Huge hospital deal could completely change health care in this state

Huge hospital deal could completely change health care in this state

A massive deal in California would give a hedge fund control of a charitable hospital group.

It took months, but California Attorney General Kamala Harris has granted conditional approval for the largest nonprofit hospital transaction in the history of the state.

BlueMountain Capital Management will now be allowed to invest in the Daughters of Charity Health System, representing the first time a hedge fund has been involved in a nonprofit hospital transaction in California, according to a San Jose Mercury News report.

Harris’ approval also would enable it to purchase the hospital chain after three years.

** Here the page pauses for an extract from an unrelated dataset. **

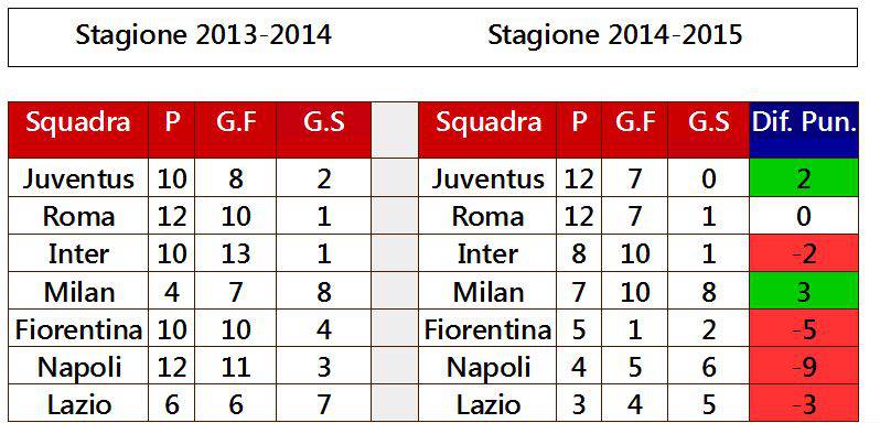 Prosegue il confronto portato avanti dalla redazione di Calciomercatonews.com tra quanto fatto dalle big della Serie A in queste due ultime stagioni. Siamo ormai giunti alla 4^ giornata e, rispetto a quanto fatto lo scorso anno, è evidente come siano molte le squadre ad essere partite nettamente peggio. La Juventus continua in positivo avendo recuperato due punti rispetto alla stagione 2013-2014. Rispetta quanto buono di fatto 12 mesi fa la Roma di Garcia: 12 punti lo scorso anno, 12 punti anche quest’anno. Male, malissimo il Napoli: addirittura meno 9 rispetto al campionato 13-14.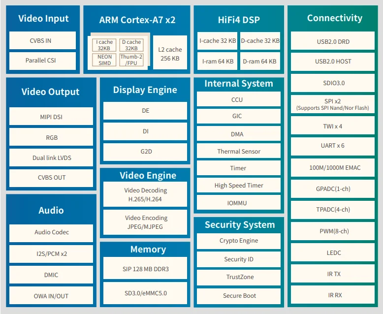 Allwinner rpt113 brazo de doble núcleo de la CPU DE LA cortex-a7

It’s not the first time a hedge fund has attempted to snap up the troubled hospital chain. Prime Healthcare Services bid $843 million last year for it, but pulled out shortly after Harris demanded certain contingencies. Harris will be requiring the same contingencies for this sale: namely that BlueMountain maintain its “charitable purpose” and ensure that “low-income Californians will continue to have access to critical health care services, including emergency, trauma, surgical, and reproductive health services,” she said in a statement.

There are six Daughters facilities in operation. BlueMountain would be required to keep at least five of them open for 10 years under the terms of teh agreement, which the hedge fund is reviewing. It would also need to maintain Medi-Cal contracts and services for a decade, and continue charity care at acceptable levels based on historical use.

Daughters has hospitals in San Jose, Gilroy, Dale City, Moss Beach, and two in Los Angeles.

Daughters of Charity Health System is a Catholic health care organization that is based in Los Altos Hills in California. It boasts 8,000 associates and physicians in its six hospitals. DCHS has been facing financial difficulties and it is estimated they are losing $10 million each month since 2014.